*** MATERIAL PROVIDED ***

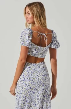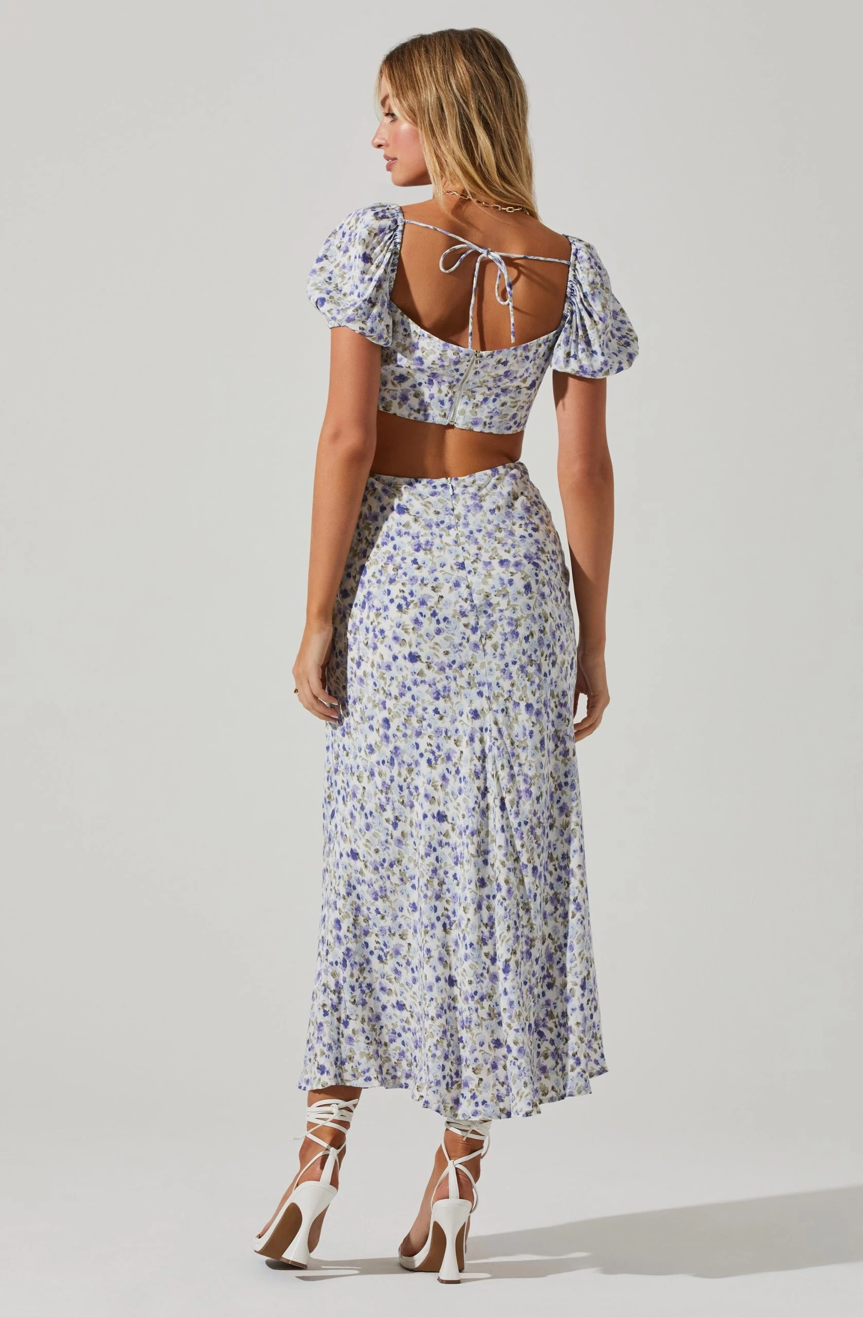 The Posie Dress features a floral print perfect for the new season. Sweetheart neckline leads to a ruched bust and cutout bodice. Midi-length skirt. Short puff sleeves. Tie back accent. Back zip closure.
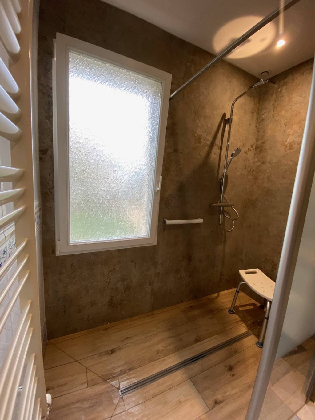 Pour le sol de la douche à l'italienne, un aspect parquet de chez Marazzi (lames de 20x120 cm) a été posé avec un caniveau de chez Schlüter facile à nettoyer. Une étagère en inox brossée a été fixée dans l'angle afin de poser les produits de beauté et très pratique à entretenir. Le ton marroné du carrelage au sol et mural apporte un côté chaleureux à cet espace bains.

*** End of MATERIAL PROVIDED ***
*** MATERIAL PROVIDED ***

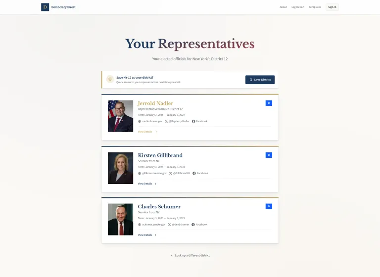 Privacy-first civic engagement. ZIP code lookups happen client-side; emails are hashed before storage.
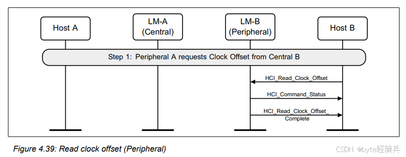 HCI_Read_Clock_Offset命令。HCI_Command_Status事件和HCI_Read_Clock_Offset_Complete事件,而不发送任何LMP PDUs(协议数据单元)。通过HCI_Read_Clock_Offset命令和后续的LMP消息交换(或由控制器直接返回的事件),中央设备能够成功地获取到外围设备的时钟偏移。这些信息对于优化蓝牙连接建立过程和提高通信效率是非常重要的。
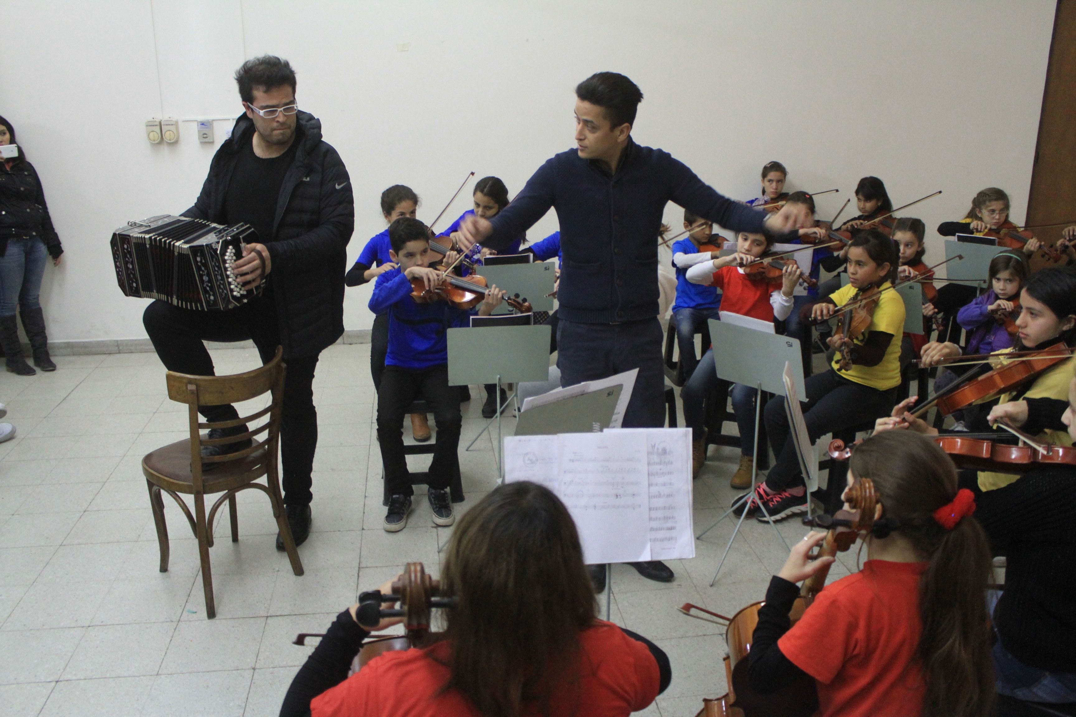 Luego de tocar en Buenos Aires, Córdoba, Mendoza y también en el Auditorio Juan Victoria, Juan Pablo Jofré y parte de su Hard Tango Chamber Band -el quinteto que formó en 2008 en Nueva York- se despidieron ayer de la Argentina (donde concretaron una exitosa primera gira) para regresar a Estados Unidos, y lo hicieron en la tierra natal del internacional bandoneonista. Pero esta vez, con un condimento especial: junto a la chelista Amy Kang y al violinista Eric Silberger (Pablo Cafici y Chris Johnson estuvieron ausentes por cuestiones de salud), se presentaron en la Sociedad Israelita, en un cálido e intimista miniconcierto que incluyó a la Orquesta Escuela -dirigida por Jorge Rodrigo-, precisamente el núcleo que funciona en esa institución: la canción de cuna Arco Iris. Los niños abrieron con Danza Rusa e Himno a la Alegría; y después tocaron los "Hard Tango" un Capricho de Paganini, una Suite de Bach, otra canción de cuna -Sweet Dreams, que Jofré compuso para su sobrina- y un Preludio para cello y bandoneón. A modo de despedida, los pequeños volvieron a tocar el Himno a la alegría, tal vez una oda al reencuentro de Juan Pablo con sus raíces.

*** End of MATERIAL PROVIDED ***

WHAT IS BEING ASKED: If a picture sits between the line containing "The Posie Dress" and the line containing "Pour le sol", leave it out, and return the lines of that range above exactly, both ends included.

SOLUTION TO THIS EXERCISE:
 The Posie Dress features a floral print perfect for the new season. Sweetheart neckline leads to a ruched bust and cutout bodice. Midi-length skirt. Short puff sleeves. Tie back accent. Back zip closure.
 Pour le sol de la douche à l'italienne, un aspect parquet de chez Marazzi (lames de 20x120 cm) a été posé avec un caniveau de chez Schlüter facile à nettoyer. Une étagère en inox brossée a été fixée dans l'angle afin de poser les produits de beauté et très pratique à entretenir. Le ton marroné du carrelage au sol et mural apporte un côté chaleureux à cet espace bains.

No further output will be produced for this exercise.